**WORK REQUEST:** Keep the images out and set the listing below down word for word.

**THE DATA:**
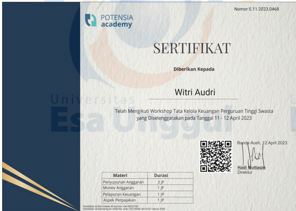
Gambar 4. Sertifikat Witri Audri
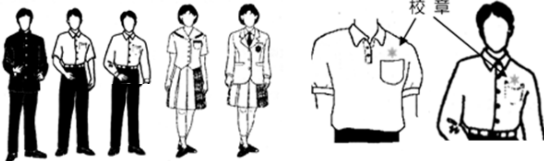
図1 ズボンスタイル

*スカートの丈は、立位で膝頭が隠れる程度の長さとする。 *ワイシャツは長袖または半袖とする。
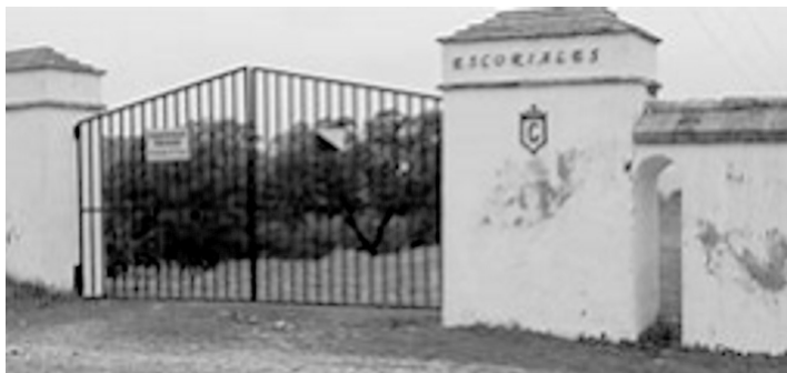
Fig. n.º 2.- Finca “Los Escoriales” entre Andújar y Villanueva de la Reina, donde pastan los toros de la ganadería de Germán Gervás, próxima está “La Medianería” de Herederos de Flores Albarrán, ambas de procedencia Santa Coloma.
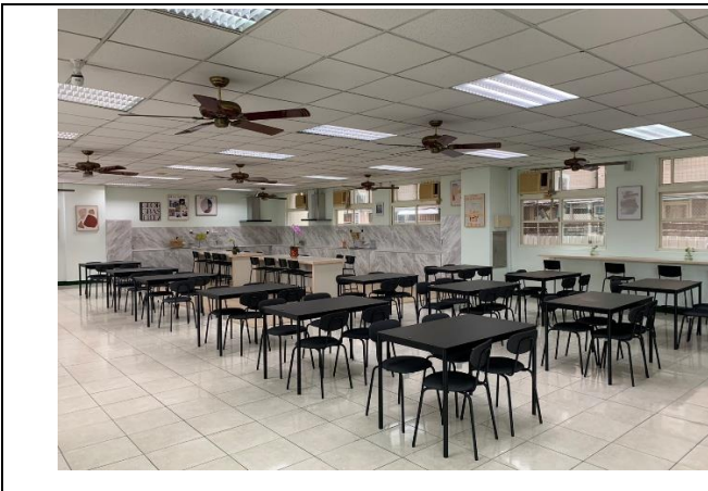
交誼廳 Phòng sinh hoạt chung

**OUTPUT:**
Gambar 4. Sertifikat Witri Audri
図1 ズボンスタイル

*スカートの丈は、立位で膝頭が隠れる程度の長さとする。 *ワイシャツは長袖または半袖とする。
Fig. n.º 2.- Finca “Los Escoriales” entre Andújar y Villanueva de la Reina, donde pastan los toros de la ganadería de Germán Gervás, próxima está “La Medianería” de Herederos de Flores Albarrán, ambas de procedencia Santa Coloma.
交誼廳 Phòng sinh hoạt chung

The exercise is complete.